FLOW-1: Prevent double-refund on failed CREATE/DEPOSIT

[liobrasil]

Fixes #16

FLOW-1 is addressed by using a single-path, pull-based refund model (crediting claimableRefunds and requiring the user to claimRefund) rather than mixing direct refunds with escrow credits.

This PR adds regression coverage for the failed DEPOSIT_TO_YIELDVAULT path (CREATE already has coverage) to ensure failures always result in a claimable refund and never re-introduce double-refund semantics.

[claude]

Pull Request Review: FLOW-1 Double-Refund Prevention

Summary

This PR adds regression test coverage for failed DEPOSIT_TO_YIELDVAULT operations to ensure the refund mechanism correctly credits claimableRefunds rather than allowing double-refunds.
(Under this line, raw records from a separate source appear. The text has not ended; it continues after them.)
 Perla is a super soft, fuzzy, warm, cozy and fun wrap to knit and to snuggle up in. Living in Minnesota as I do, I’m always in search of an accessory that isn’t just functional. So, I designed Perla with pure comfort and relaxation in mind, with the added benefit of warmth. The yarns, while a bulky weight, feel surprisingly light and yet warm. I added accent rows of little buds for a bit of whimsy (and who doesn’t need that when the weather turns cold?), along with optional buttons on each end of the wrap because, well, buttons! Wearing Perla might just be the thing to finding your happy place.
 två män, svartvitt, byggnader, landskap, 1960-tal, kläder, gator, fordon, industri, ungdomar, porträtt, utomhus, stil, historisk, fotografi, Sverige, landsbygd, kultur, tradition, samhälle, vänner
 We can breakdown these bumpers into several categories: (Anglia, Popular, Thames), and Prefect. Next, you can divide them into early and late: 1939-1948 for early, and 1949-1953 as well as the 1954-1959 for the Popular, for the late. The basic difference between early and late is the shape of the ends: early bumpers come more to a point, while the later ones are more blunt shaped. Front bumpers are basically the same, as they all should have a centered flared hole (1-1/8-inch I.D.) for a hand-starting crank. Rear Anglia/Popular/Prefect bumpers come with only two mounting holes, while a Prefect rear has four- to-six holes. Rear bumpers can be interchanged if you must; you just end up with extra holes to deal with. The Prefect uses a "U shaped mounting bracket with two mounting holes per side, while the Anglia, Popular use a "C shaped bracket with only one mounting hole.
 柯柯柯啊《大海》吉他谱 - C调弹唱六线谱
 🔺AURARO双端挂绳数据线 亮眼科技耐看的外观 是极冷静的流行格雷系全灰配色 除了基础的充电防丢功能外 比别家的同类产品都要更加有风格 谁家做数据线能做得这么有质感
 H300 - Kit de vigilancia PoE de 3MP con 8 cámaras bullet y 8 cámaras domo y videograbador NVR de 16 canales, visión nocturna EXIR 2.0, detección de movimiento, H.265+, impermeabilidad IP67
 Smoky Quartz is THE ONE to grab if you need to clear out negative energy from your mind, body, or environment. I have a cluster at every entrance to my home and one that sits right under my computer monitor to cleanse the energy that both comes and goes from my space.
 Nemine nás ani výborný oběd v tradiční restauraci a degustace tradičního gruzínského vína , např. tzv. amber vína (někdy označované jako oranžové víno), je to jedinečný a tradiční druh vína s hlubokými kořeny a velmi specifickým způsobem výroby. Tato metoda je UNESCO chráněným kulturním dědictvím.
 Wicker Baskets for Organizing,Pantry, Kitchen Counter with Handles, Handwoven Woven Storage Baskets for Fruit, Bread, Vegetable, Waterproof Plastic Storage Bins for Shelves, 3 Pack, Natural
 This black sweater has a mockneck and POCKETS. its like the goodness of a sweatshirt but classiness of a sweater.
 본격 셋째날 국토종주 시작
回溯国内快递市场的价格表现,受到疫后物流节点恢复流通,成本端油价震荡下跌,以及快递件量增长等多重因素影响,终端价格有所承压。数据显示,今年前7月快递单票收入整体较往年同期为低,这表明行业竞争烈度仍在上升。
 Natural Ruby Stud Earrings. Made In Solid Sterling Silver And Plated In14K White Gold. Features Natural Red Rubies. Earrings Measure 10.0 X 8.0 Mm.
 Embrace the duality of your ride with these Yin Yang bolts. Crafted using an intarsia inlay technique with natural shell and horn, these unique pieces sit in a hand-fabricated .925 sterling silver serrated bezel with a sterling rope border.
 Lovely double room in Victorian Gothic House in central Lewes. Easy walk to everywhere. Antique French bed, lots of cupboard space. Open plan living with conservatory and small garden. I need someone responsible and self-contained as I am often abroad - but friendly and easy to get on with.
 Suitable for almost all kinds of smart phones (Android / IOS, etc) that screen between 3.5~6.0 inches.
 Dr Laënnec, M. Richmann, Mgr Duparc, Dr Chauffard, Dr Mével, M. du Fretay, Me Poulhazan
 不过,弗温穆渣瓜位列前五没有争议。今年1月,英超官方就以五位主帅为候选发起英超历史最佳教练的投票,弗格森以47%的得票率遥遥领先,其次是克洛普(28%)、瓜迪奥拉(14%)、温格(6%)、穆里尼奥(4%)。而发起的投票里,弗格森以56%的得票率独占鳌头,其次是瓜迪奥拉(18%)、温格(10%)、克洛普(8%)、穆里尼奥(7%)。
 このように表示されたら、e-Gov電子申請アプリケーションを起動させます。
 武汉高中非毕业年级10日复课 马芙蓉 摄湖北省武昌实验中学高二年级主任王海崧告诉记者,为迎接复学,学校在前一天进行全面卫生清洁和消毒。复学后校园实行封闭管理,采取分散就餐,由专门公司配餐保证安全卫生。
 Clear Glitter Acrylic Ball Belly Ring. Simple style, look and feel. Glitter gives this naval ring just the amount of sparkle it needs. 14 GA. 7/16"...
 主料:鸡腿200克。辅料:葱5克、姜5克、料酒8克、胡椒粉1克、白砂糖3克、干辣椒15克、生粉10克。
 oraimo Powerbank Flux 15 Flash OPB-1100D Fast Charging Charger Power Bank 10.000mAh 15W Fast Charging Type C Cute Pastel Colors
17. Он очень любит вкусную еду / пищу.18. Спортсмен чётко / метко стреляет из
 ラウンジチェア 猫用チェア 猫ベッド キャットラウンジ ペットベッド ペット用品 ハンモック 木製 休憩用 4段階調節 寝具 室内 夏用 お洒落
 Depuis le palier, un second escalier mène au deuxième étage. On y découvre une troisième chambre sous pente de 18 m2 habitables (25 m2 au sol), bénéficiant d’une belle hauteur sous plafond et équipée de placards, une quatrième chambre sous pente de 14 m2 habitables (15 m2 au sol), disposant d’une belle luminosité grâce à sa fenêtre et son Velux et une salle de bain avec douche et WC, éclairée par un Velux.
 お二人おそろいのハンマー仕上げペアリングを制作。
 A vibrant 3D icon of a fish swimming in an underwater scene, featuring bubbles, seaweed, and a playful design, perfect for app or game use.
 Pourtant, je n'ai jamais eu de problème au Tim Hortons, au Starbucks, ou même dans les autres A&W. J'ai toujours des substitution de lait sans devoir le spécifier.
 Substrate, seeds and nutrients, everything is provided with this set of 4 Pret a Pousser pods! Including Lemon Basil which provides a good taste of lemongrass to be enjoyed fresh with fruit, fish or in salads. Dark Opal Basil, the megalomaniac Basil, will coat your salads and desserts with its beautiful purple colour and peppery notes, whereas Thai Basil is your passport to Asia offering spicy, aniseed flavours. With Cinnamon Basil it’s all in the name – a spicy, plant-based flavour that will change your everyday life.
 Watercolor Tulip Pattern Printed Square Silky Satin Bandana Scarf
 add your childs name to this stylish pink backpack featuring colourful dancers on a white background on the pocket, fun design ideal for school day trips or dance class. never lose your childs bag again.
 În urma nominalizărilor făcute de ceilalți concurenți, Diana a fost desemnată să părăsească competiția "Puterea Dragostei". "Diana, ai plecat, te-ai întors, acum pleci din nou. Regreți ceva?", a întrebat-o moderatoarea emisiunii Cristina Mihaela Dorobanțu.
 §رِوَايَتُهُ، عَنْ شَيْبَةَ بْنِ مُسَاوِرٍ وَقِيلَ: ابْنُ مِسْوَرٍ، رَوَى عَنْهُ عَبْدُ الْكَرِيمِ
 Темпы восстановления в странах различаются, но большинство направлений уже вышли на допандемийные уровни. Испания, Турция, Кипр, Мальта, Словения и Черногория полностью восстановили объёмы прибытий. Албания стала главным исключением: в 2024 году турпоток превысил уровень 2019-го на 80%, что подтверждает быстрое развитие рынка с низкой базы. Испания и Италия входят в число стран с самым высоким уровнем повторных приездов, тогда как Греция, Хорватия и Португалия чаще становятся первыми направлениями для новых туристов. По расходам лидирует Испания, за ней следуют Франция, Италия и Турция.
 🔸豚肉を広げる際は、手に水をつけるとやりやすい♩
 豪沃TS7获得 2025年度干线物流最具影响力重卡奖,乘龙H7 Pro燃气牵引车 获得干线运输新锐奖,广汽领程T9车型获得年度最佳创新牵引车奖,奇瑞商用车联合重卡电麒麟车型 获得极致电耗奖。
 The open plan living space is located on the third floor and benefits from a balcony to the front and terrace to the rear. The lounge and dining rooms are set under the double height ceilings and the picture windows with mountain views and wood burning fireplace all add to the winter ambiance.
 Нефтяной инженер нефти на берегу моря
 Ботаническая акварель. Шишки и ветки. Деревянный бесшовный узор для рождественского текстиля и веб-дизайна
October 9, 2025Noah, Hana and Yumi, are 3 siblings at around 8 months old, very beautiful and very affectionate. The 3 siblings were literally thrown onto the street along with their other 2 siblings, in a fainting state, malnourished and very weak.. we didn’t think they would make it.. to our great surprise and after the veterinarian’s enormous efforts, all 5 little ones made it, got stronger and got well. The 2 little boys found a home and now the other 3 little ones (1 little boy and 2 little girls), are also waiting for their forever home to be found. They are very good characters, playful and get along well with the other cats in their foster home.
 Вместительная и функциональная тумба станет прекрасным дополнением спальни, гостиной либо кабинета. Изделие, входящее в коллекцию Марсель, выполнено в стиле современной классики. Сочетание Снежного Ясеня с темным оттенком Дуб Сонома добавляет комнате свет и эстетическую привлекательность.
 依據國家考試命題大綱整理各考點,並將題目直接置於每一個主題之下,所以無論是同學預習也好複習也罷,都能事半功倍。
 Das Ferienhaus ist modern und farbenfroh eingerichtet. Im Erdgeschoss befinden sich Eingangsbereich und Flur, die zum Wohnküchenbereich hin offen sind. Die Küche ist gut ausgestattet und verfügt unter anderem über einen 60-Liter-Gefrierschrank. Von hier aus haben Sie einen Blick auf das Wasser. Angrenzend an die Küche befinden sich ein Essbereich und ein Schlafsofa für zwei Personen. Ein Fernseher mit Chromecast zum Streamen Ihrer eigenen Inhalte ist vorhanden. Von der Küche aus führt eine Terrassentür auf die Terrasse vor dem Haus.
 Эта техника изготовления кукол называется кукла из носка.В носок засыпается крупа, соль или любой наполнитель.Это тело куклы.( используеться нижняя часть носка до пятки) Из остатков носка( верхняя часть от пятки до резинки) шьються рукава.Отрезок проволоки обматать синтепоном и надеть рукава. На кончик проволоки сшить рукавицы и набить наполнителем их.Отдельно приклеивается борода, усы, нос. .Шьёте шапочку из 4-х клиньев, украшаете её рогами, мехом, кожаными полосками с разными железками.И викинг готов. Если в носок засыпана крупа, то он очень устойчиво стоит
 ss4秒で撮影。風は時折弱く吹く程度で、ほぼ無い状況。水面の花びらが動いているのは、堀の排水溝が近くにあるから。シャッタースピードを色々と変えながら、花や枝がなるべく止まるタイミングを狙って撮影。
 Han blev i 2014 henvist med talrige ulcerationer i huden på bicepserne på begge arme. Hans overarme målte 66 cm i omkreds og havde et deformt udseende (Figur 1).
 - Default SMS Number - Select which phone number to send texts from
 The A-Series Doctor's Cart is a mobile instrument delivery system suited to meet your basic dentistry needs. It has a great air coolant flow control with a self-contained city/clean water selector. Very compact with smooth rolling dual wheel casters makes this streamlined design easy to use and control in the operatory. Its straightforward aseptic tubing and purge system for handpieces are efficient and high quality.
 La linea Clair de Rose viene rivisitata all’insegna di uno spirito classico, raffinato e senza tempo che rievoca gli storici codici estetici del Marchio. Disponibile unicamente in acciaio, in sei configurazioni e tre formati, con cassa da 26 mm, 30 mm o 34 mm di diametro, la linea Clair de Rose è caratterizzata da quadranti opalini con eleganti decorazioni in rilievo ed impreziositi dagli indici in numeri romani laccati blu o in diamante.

The test mirrors the existing test_CompleteProcessing_FailureRefundsBalance coverage for CREATE operations.

Code Quality: Excellent

Strengths

1. Clear test naming - The test name explicitly indicates it covers the DEPOSIT_TO_YIELDVAULT path
2. Proper structure - Follows the AAA pattern consistently
3. Comprehensive assertions - Verifies both balance states along with request metadata
4. Code duplication is acceptable - The duplication is justified as it provides explicit coverage for a distinct request type

Security: Strong

Regression Coverage

• Addresses FLOW-1: The test explicitly validates that the single-path refund model is preserved
• No double-refund vectors: By asserting getUserPendingBalance == 0, the test ensures funds cannot be claimed via both direct bridge AND refund claim
• COA fund return validation: The test requires COA to return exactly 1 ether, matching the contract strict validation

Contract Alignment

The test correctly exercises the two-phase commit pattern:

1. startProcessing: Moves funds from pendingUserBalances to COA
2. completeProcessing on failure: COA returns funds, which are credited to claimableRefunds

This matches the Cadence worker behavior.

Test Coverage: Improved

What This Adds

• DEPOSIT_TO_YIELDVAULT failure path: Previously only CREATE had explicit failure refund coverage
• Symmetric testing: Now both deposit-requiring operations have parallel test coverage

Existing Coverage Analysis

• CREATE failure: Line 313
• DEPOSIT failure: Line 335 (this PR)
• CLOSE success: Line 359
• Missing: WITHDRAW failure path, ERC20 token failure paths

Recommendations for Future Coverage

While not blocking for this PR, consider adding:

1. ERC20 failure tests: Both CREATE and DEPOSIT with ERC20 tokens
2. WITHDRAW failure test: Validate that WITHDRAW failures dont create spurious refunds
3. Cadence integration test: Add a test that validates DEPOSIT failure end-to-end

Performance: No Concerns

• Test is lightweight
• No loops or complex computations
• Foundry test execution is fast

Best Practices: Follows Conventions

1. Naming: Follows existing pattern
2. Location: Correctly placed adjacent to related test at line 335
3. Magic numbers: Uses existing constants
4. Prank usage: Properly scoped

Minor Observations

1. Test data alignment: Uses yieldVaultId 42 consistently with other tests
2. Error message: Uses generic Cadence error - acceptable for unit tests
3. No ERC20 variant: This test only covers native FLOW (maintains parity with CREATE test)

Verdict: APPROVE

This PR successfully addresses issue 16 by adding necessary regression coverage for failed DEPOSIT operations. The test is well-structured, security-focused, and maintains consistency with existing test patterns.

Checklist

• Addresses stated issue (FLOW-1 regression coverage)
• No bugs or logic errors
• Follows repository conventions
• Security-conscious assertions
• No performance concerns
• Appropriate test coverage expansion

Recommendation: Merge after CI passes. Consider filing a follow-up issue for the ERC20/WITHDRAW test coverage gaps noted above.